§ Source data:
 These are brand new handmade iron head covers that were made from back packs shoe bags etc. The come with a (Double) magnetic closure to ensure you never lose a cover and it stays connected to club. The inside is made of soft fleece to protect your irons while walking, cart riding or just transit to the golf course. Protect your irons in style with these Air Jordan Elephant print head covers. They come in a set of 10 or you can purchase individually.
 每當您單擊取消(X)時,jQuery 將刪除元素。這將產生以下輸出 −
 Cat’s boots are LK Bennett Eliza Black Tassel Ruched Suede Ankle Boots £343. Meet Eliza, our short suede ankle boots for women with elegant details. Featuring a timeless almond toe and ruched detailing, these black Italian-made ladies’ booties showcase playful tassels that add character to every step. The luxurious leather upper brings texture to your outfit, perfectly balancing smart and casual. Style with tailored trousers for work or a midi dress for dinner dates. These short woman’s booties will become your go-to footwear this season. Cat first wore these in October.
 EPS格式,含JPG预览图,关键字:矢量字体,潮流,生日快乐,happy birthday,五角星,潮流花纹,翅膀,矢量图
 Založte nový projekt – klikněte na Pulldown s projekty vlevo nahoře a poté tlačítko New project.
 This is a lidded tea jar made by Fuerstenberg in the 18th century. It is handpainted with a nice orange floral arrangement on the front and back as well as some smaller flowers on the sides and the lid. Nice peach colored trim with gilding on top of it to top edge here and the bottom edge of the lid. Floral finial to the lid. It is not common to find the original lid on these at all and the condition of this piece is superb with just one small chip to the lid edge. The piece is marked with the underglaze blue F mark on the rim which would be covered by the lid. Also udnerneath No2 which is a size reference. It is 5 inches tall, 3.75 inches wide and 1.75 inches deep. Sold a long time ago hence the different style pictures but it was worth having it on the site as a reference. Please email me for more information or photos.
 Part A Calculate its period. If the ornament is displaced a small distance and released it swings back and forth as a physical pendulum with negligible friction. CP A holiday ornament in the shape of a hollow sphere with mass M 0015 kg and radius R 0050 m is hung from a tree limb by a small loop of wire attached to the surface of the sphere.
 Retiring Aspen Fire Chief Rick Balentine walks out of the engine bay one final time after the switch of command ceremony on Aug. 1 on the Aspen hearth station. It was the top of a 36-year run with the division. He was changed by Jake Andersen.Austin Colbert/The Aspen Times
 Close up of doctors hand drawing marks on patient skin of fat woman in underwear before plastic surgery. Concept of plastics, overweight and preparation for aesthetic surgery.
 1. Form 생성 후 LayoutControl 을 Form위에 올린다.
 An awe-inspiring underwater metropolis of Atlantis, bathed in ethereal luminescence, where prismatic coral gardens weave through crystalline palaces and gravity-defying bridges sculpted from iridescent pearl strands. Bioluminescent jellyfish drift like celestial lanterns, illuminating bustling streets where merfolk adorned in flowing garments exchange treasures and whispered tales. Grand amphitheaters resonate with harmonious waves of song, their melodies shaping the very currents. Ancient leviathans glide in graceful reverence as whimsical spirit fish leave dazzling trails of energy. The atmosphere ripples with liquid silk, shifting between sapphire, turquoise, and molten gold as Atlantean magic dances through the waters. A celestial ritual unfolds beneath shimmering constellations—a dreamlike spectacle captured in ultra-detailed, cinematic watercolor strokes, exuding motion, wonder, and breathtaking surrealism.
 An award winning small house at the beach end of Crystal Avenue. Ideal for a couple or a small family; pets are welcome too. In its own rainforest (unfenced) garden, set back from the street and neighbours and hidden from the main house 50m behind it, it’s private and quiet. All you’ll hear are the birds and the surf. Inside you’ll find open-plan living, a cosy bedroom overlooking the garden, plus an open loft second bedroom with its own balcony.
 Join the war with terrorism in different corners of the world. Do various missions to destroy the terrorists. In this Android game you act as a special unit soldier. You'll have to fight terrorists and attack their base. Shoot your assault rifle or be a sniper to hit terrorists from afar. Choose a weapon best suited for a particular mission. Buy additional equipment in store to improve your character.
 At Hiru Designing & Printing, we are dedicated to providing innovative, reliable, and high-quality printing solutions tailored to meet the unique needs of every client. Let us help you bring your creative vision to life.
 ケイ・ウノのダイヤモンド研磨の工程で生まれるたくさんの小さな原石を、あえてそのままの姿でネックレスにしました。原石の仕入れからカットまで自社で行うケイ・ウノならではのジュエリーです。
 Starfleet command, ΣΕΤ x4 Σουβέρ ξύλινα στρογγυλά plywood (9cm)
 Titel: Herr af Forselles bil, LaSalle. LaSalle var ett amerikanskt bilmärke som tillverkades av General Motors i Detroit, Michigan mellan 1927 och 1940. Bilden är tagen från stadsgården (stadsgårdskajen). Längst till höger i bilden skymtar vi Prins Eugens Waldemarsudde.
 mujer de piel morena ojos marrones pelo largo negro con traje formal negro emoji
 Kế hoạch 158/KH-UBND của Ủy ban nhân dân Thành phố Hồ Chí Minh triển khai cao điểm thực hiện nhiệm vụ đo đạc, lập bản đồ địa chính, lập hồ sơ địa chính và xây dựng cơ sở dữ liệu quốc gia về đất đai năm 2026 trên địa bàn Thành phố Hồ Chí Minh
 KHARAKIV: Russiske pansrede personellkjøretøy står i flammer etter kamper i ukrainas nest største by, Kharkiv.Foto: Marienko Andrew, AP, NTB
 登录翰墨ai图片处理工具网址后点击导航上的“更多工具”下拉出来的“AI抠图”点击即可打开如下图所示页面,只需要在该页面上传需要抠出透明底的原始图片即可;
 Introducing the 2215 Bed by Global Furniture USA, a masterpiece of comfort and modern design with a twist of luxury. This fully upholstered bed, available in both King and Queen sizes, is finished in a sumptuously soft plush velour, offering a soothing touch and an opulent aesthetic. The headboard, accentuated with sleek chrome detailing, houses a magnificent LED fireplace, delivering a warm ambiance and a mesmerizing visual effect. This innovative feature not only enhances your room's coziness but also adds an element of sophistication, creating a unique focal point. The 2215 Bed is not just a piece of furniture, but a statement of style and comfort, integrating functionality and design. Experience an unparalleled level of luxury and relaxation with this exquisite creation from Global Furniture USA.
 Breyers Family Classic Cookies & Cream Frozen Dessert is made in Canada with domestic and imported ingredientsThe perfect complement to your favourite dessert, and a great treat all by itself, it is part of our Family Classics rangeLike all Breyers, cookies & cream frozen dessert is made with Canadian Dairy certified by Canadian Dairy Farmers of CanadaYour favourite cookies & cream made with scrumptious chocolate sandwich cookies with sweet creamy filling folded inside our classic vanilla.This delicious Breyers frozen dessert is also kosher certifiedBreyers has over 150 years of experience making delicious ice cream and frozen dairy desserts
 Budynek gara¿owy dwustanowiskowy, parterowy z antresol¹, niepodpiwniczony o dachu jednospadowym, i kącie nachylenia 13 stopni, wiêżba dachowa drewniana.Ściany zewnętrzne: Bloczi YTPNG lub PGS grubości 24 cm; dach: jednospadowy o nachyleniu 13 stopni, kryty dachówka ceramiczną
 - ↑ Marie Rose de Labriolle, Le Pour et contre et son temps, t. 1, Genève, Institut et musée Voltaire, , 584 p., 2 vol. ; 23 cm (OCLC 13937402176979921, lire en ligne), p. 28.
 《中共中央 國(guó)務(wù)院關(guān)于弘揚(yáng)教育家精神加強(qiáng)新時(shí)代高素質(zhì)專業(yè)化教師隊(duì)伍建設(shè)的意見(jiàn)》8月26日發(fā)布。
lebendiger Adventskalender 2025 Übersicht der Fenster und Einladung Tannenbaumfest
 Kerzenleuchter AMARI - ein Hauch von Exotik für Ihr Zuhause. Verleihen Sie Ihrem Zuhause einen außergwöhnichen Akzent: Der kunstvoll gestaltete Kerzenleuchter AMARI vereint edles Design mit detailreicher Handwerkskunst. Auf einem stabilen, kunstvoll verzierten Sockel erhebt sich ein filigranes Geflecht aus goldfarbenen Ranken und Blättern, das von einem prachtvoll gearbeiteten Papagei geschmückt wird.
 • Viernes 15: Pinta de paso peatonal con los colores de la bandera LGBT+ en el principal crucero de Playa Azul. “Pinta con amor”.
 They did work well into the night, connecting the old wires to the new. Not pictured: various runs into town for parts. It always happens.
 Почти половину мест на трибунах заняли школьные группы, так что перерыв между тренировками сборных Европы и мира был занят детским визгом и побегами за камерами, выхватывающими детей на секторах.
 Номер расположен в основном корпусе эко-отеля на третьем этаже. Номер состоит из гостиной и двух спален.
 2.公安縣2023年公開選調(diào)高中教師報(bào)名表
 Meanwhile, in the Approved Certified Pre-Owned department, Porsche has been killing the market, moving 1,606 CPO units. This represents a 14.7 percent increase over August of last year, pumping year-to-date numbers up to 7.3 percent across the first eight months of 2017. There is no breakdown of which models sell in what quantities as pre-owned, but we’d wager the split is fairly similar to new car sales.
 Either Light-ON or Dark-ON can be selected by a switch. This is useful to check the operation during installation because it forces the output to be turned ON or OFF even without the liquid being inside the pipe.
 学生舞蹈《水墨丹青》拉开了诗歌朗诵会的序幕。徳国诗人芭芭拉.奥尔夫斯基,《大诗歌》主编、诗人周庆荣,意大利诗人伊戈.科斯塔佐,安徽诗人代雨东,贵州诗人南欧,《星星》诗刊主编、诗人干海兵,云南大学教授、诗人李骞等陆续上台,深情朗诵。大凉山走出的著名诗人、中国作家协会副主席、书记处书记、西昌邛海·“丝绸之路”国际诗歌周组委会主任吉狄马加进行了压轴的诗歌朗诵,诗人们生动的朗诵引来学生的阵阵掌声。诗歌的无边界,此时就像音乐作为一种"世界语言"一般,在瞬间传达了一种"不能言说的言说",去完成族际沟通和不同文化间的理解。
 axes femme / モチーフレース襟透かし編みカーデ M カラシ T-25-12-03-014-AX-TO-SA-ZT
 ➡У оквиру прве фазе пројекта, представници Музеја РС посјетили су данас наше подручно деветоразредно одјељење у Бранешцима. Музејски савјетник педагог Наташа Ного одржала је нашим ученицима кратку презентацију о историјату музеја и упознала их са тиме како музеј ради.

§ Goal of the exercise: Send back an exact copy of only the lines from the line with "Close up of" up to and including the line with "1. Form 생성 후 LayoutControl 을 Form위에 올린다." in the data above.

§ Output for this exercise:
 Close up of doctors hand drawing marks on patient skin of fat woman in underwear before plastic surgery. Concept of plastics, overweight and preparation for aesthetic surgery.
 1. Form 생성 후 LayoutControl 을 Form위에 올린다.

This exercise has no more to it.